İletişme

Saturday, November 17, 2007 | |

Bence kitlesel iletişim araçları bok gibi bir şey... İletiştiğinde iyi de; iletişemediğinde insanı depresyona sürükleyecek kadar berbat. İletişmek de komik bir kelime...Güldüremese de beni şu an; komik. Başka zaman okusaydım bu yazdığımı ve görseydim bu kelimeyi eminim gülerdim. O yüzden şimdiden komik diyebilirim. Ön yargılı bir biçimde.

Kitlesel iletişim araçları...Neden isimleri bu kadar uzun hepsinin? Kitlesel....İletişim....Araçları...Bence yeterince genel bir isim değil, her zaman iletişemediğimizi düşününce özellikle... Benim gibi biriyseniz, paranoyalar en yılmaz dostunuzsa ve pesimistseniz; o zaman siz de sevmezdiniz..(Hiç pesimist durmuyorsun demeyin....Pesimistin allahıyım resmen.Öyle ki; doğum günümde gelmiş mesajlardan birinde; "dogumgununuzu kutlarim her seyin umdugun ve bekledigin sekilde gerceklesmesini dilerim (sadece optimistic oldugun modlar icin gecerli bu dilegim haaaa)" yazıyordu. Yazınki ev arkadaşlarımdan Tolgay yazmış hatta. -ev arkadaşı sayıyorum artık, misafir gitti mi 1.5 ay kalmaz çünkü. Zaten Ahmet ve Tolgay dışındaki evin tüm bireyleri başka yerlere dağılmışlardı.Kalanlar da 6 hafta benimle uğraşmak zorunda kaldı, başedemediler tabii.- Demek istediğim onlar bile benim pesimistliğimi farketmişler, baksanıza beklediğin şekilde dediklerinde bile benim pesimist şeylerden de bir hayli bekleyeceğimin farkına varmışlar. Zor olmamıştır onlar için bu analiz. )

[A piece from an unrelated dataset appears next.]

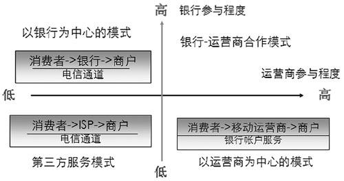 系統(tǒng),通過定制終端,電信運(yùn)營商可以將各種先進(jìn)的移動(dòng)應(yīng)用提供給用戶,使用戶獲得良好的移動(dòng)化生活體驗(yàn)。因此,電信運(yùn)營商在移動(dòng)支付方面具有較好的用戶資源和營銷渠道?梢姡娦胚\(yùn)營商和銀行的協(xié)作程度在很大程度上決定了移動(dòng)支付商業(yè)模式的績效水平。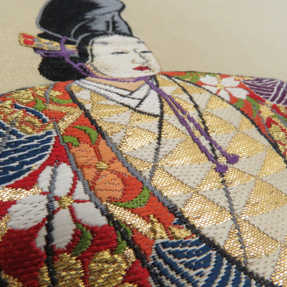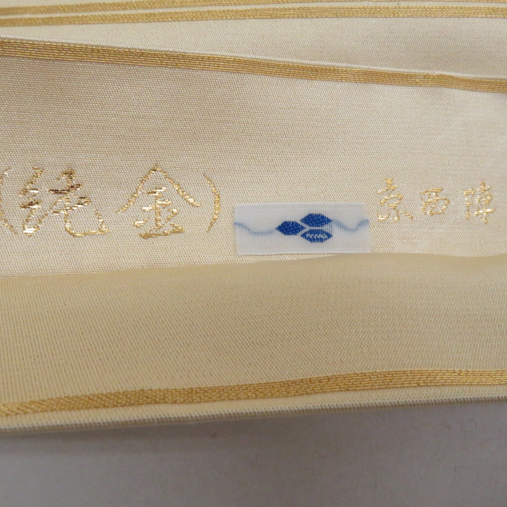 袋帯 正絹 京西陣手織唐織 五天謹織 唐錦 ベージュ色x金色x多色 能柄 お太鼓柄 仕立て上がり 着物帯 長さ440cm

Neyse kitlesel letişim araçlarını sevmiyorum. Çünkü ben iletişme halinden çok, iletişememe haline takılı kalıyorum. Mesela bilgisayar...Msn...Çevrimdışı göster kendini, kaç... Sonra kapat, çevrimdışı olma, yazamasınlar...Yazdığında sürekli ne zaman okumuş olacağını düşün. Okudu mu acaba, açtı mı bilgisayarı?...Msn olmazsa gtalk falan filan..Mail de öyle...Aynı işte... Telefon...Eski tür telefonlar insanı daha optimist yapıyordu bence...Evde değil, ulaşamadım... Cep telefonları da sinir bozucu araçlar... Arıyorsun, "sinyal sesinden sonra mesajınızı bırakınız.." yada çalıyor çalıyor, sonuçsuz... Mesaj atsan da aynı msn durumu söz konusu... Sabah bok varmış gibi 9da uyandım. Hoş pek uyumadım gece boyunca ama, o aptal uyuyup uyumama halini de uykudan sayacağım bugün için. Mesaj yazdım bir adet. Evet 1. sayıyla ve yazıyla. Hayır mesajda "1-bir" yazıp yollamadım. Sonra şarjı bitmeye yakın olan telefonum belirli aralıklarla titreşmeye başladı...Mesaj geldiğindeki ses gibiydi aynı... Her şarj bitme sinyalinde, ben mesaj geldi diye umutlandım, baktım gözümü açıp, hiçbir şey yok. En sonunda sinirlendim ya da onun gibi pesimist bir duygu eğilimi işte; evet o duygu eğilimiyle telefonumu kapadım. Temizinden kurtuldum. Arada açıp bir şey var mı diye baktım...Yok... Sonuç? Kitlesel iletişim araçlarının iletişememe durumunda yarattığı huysuzluk... Üşüme... Yorganı üzerine daha da çekmek... Uyur gibi yapmak... Uyku da kaçıştır bir nevi ya,o bakımdan.

Zaten körolmayasıca başım çatlıyordu migrenden yine...Hayır dün gece içmiş olduğum 5 kadeh kırmızı şarap yüzünden değil, migrenden... Canım sıkılınca migrenim tutar benim. Tuttu yine...Pesimizm migren atakları... 2 adet ilaç içtim. MinosetPlus...Minoset hiçbir işe yaramayan bir ilaç da olsa;MinosetPlus oldukça iyi bir ilaç. Zaten ben ilaçlarla yaşayan bir insanım...Hiçbir ilaca alerjim filan da yok, en ufak ağrıda atıveririm ağzıma ilacı..Geçsin kendiliğinden diye bekleyecek türde sabırlı bir insan değilim ben. Sakin ama aşırı sabırsızım...Geçti ağrı...Şaşırdım...Birazdan yine başlayabilir... Bi daha içerim ilaç.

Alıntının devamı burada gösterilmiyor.